**Source data**
■ ■ ■ ■

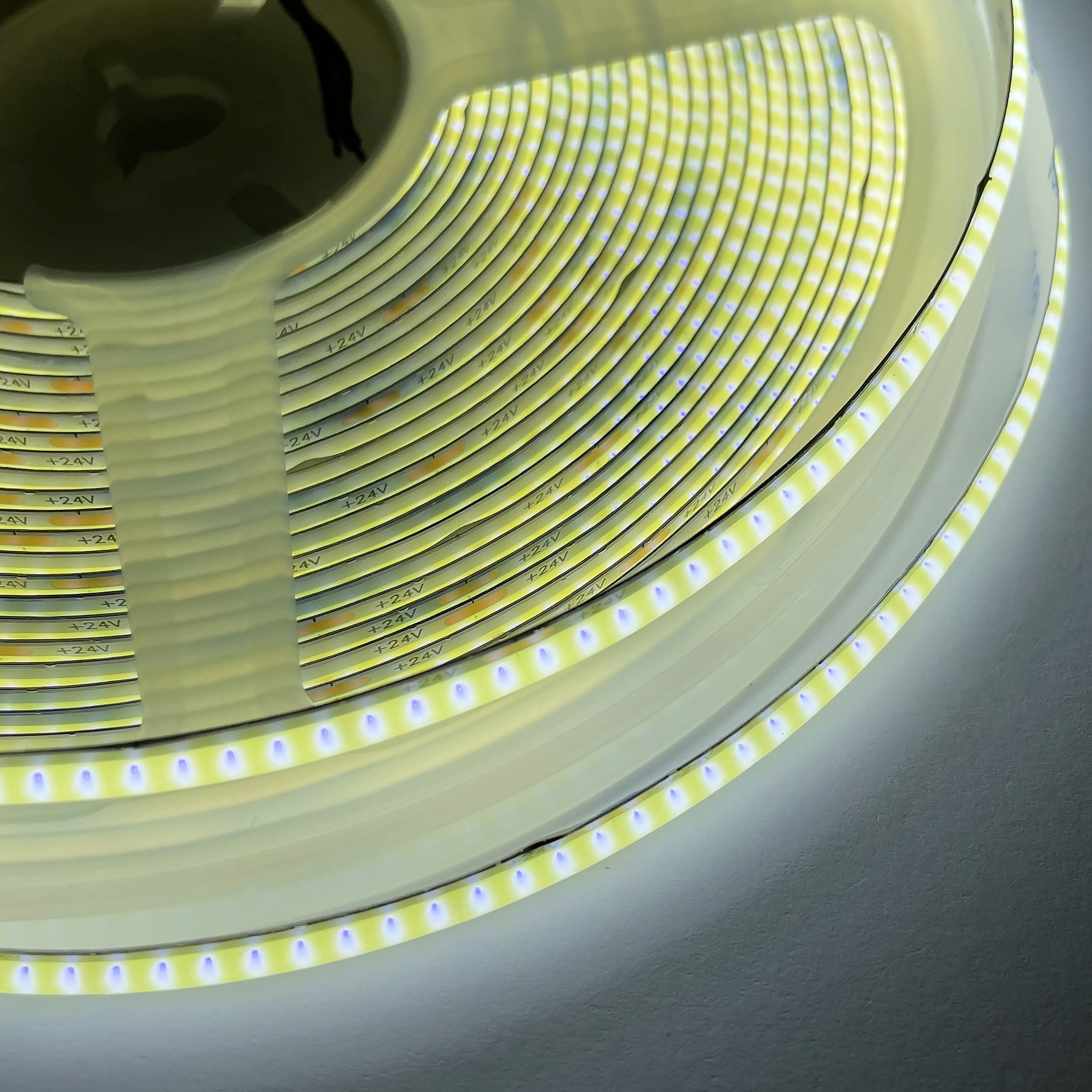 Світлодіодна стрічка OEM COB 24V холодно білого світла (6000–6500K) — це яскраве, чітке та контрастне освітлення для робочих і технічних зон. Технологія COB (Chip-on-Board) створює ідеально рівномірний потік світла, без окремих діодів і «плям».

■ ■ ■ ■

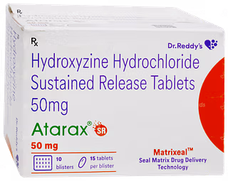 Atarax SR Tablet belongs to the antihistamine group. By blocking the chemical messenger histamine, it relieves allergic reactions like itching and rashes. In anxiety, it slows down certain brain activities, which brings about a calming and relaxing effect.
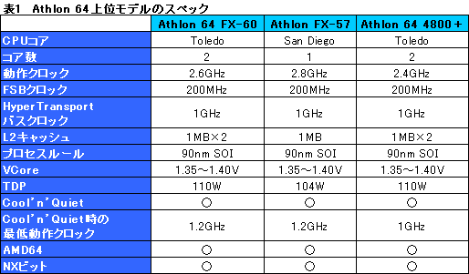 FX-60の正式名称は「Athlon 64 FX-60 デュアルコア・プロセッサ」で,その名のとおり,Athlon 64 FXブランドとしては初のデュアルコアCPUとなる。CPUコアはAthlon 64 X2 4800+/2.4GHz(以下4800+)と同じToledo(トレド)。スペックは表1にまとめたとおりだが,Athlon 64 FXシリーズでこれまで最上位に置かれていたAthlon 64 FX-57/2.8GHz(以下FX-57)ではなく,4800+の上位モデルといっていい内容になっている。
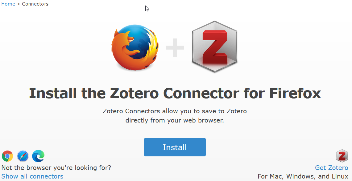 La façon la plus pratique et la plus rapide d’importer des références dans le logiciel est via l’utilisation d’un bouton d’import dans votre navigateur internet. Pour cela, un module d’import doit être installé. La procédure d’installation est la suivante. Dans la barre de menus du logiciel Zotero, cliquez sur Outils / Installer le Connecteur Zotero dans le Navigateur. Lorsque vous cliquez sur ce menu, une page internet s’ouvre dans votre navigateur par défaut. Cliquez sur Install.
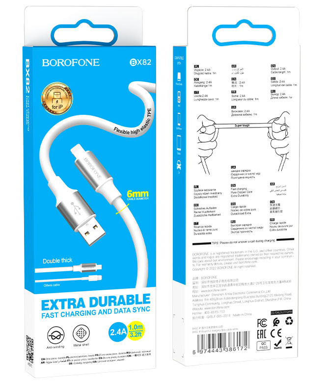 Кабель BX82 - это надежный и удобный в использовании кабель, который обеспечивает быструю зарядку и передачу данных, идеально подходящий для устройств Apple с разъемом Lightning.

■ ■ ■ ■

**Directions for this task**
Give again, exactly as written above, each line from the one that has "La façon la" to the one that has "Кабель BX82 - это", both included; omit the pictures.

**Solution for this exercise**
 La façon la plus pratique et la plus rapide d’importer des références dans le logiciel est via l’utilisation d’un bouton d’import dans votre navigateur internet. Pour cela, un module d’import doit être installé. La procédure d’installation est la suivante. Dans la barre de menus du logiciel Zotero, cliquez sur Outils / Installer le Connecteur Zotero dans le Navigateur. Lorsque vous cliquez sur ce menu, une page internet s’ouvre dans votre navigateur par défaut. Cliquez sur Install.
 Кабель BX82 - это надежный и удобный в использовании кабель, который обеспечивает быструю зарядку и передачу данных, идеально подходящий для устройств Apple с разъемом Lightning.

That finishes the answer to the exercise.